Just as weather affects our daily lives, so does Earth’s orbiting junkyard. The detrimental effects of space junk grow worse each year, putting our daily lives and national infrastructures increasingly at risk as our communications, science, and security networks rely ever more heavily on the interconnected system of satellites orbiting the skies.

While we understand weather and have learned to deal with it as best we can, the impacts and disposition of orbital debris are not fully understood. Unlike weather, space junk is man-made and will significantly hinder our future economy and national security. It is a growing threat to space-based communications, weather forecasting, banking processes, scientific exploration, Earth observation and future space tourism.

There is no existing program in place to deal with orbital debris, but new satellites are continuing to be launched at a rate of over a hundred each year and most of these launches will contribute to the already-large orbital debris population.

With over 60 countries operating in space, the exponentially growing problem of orbital debris will take international collaboration and partnership to research and develop innovative solutions and strategies.

What is Being Done About Orbital Debris?

The space community has worked hard to mitigate excessive proliferation of debris by establishing voluntary rules for spacecraft manufacturers and operators that help minimize the creation of new debris. However, there is no system or program in place to remove or clean up near-earth orbit and there is not even one program addressing the long-term environmental control of space.

Orbital debris is a threat to operating spacecraft, human spaceflight and critical communications systems and the level of this threat is building exponentially.

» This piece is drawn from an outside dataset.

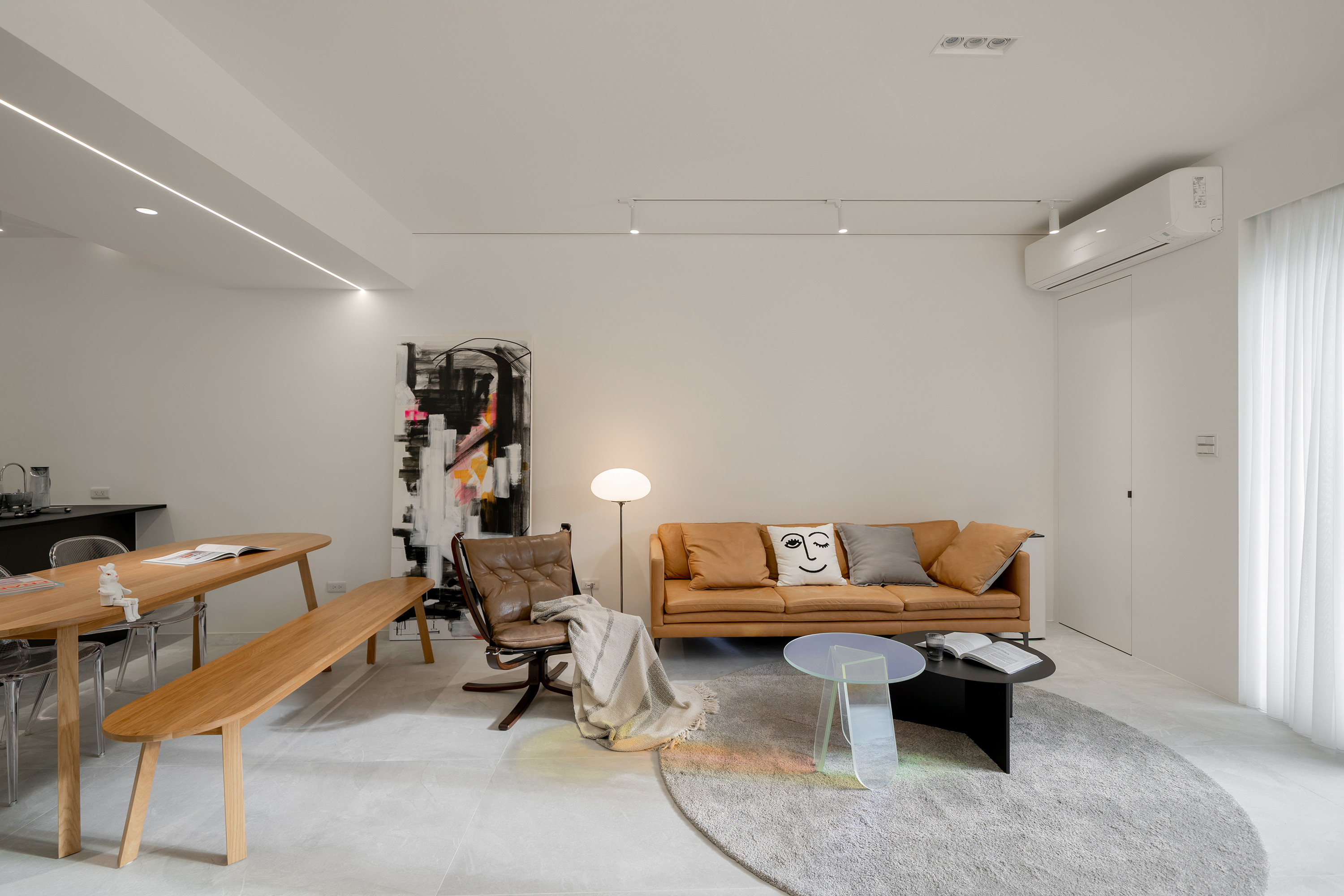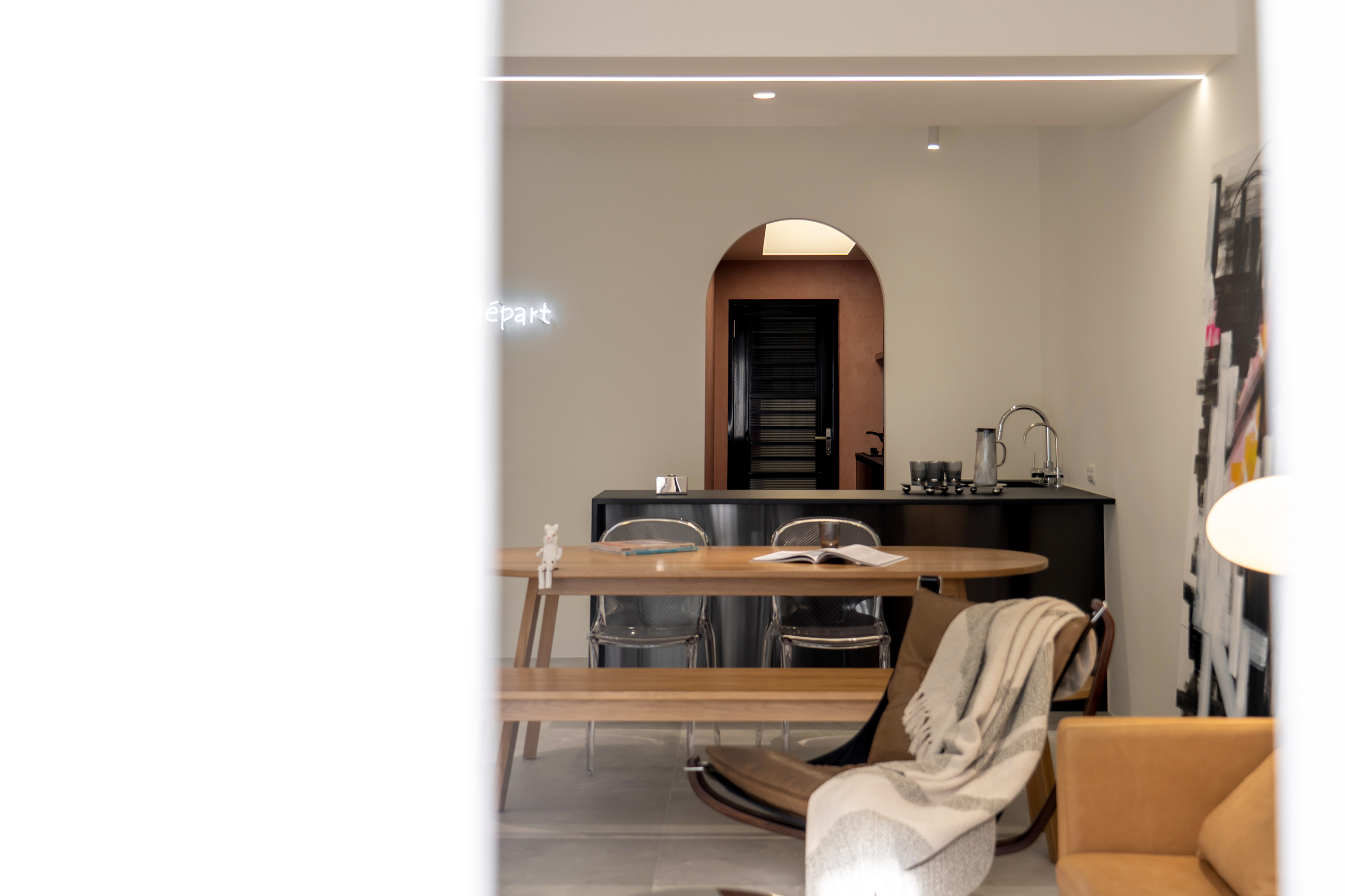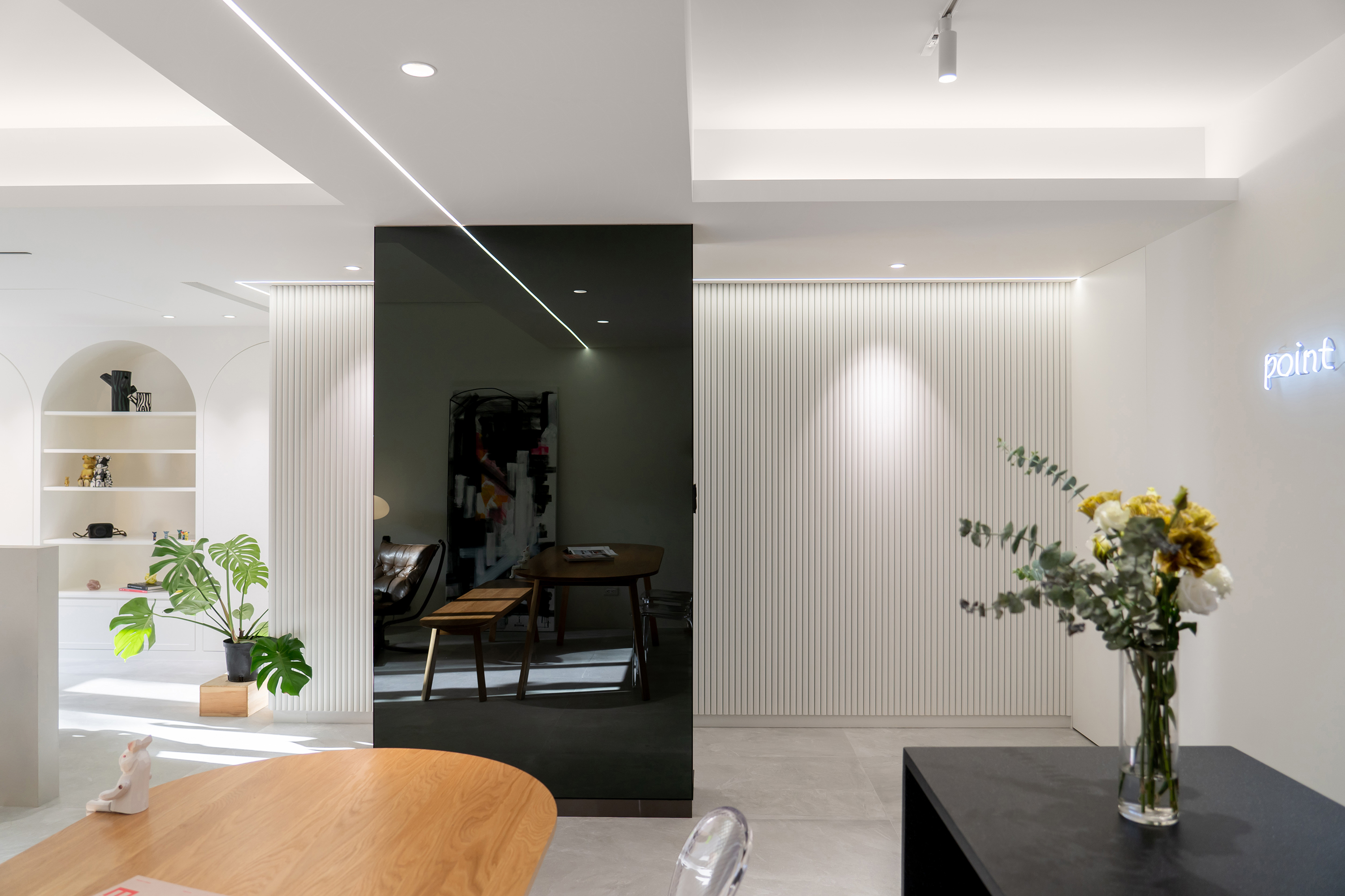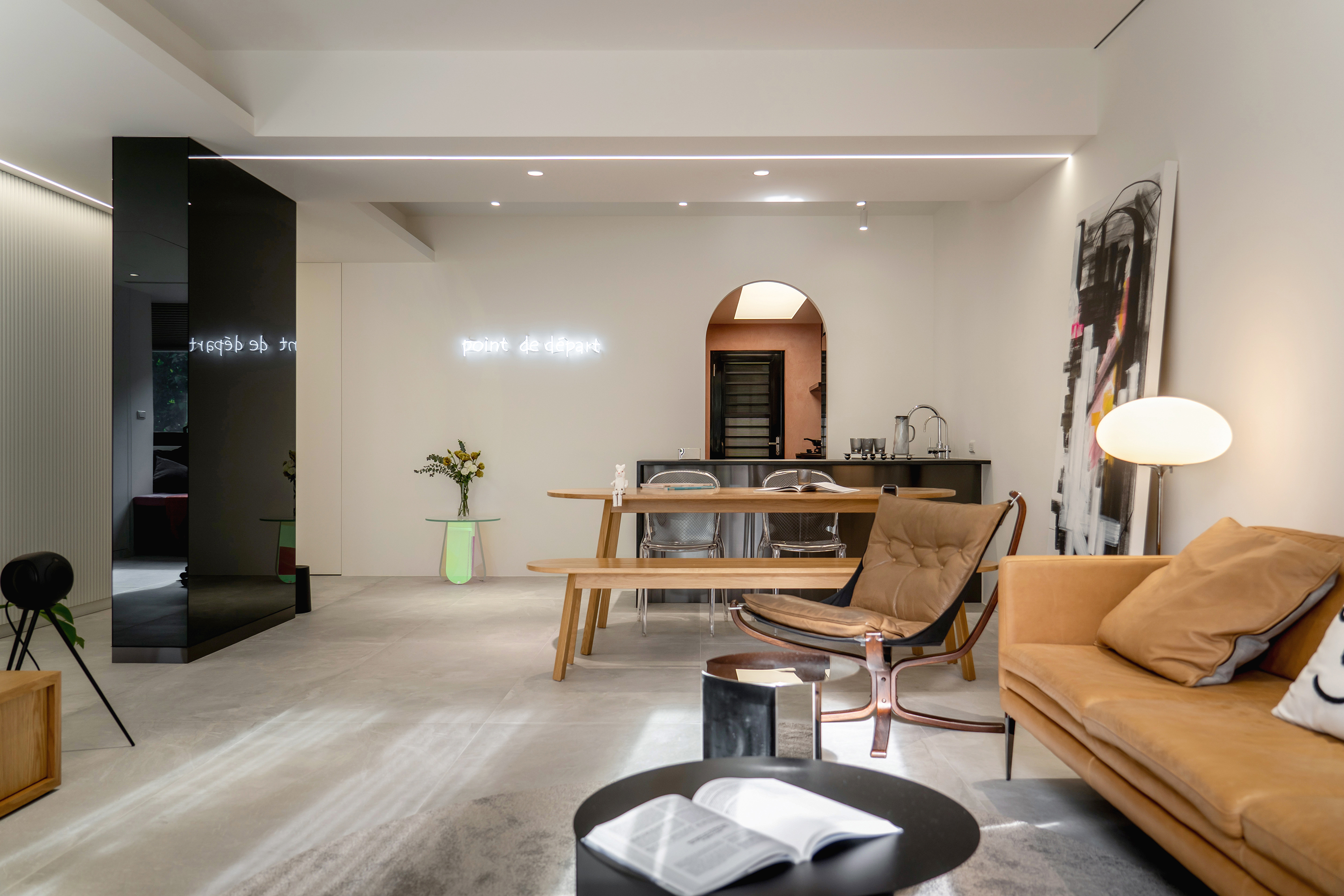 Natural light gracefully streams into the interior space through thoughtfully designed partial openings, beautifully complemented by elegantly light gray floor tiles. The choice of simple colors and materials works harmoniously to cultivate a serene and pure atmosphere. As one gazes upon the walls—largely left blank—the striking white neon lettering stands out, embodying a contemporary artistic style that not only enhances the aesthetics but also provides versatile display options. In the public area, the central structural column serves as a captivating focal point, ingeniously combining storage cabinets with a sleek black mirror design. This innovative approach allows light to flow freely, effectively extending the visual layers and adding depth to the space. Transitioning into the kitchen, the entrance showcases a classic arch element, a tribute to the father’s design, which presents a fresh interpretation of proportions and lines in a modern context.

So far, debris has been a nuisance and has created minimal damage—the threat has been “acceptable”—because the cost of cleaning it up is so much greater than the satellite damage, thus far. But, in the not-too-distant future, the cost of cleaning up space may approach the value of continuous damage to satellites.

Now is the time to organize an international collaborative center of education and research that addresses solutions to the space trash problem. While any cleanup program will take years to implement and decades to carry out, the future and efficacy of space-based communications lies in tackling this critical issue.

The Vision

The Center for Orbital Debris Education and Research (CODER) has been established to address all issues related to orbital debris. These include technology and systems, space policy, economics, legal, and sociological issues. A long-term goal is the development of policies, laws and space systems that will lead to the efficient remediation and control of space environmental pollutants.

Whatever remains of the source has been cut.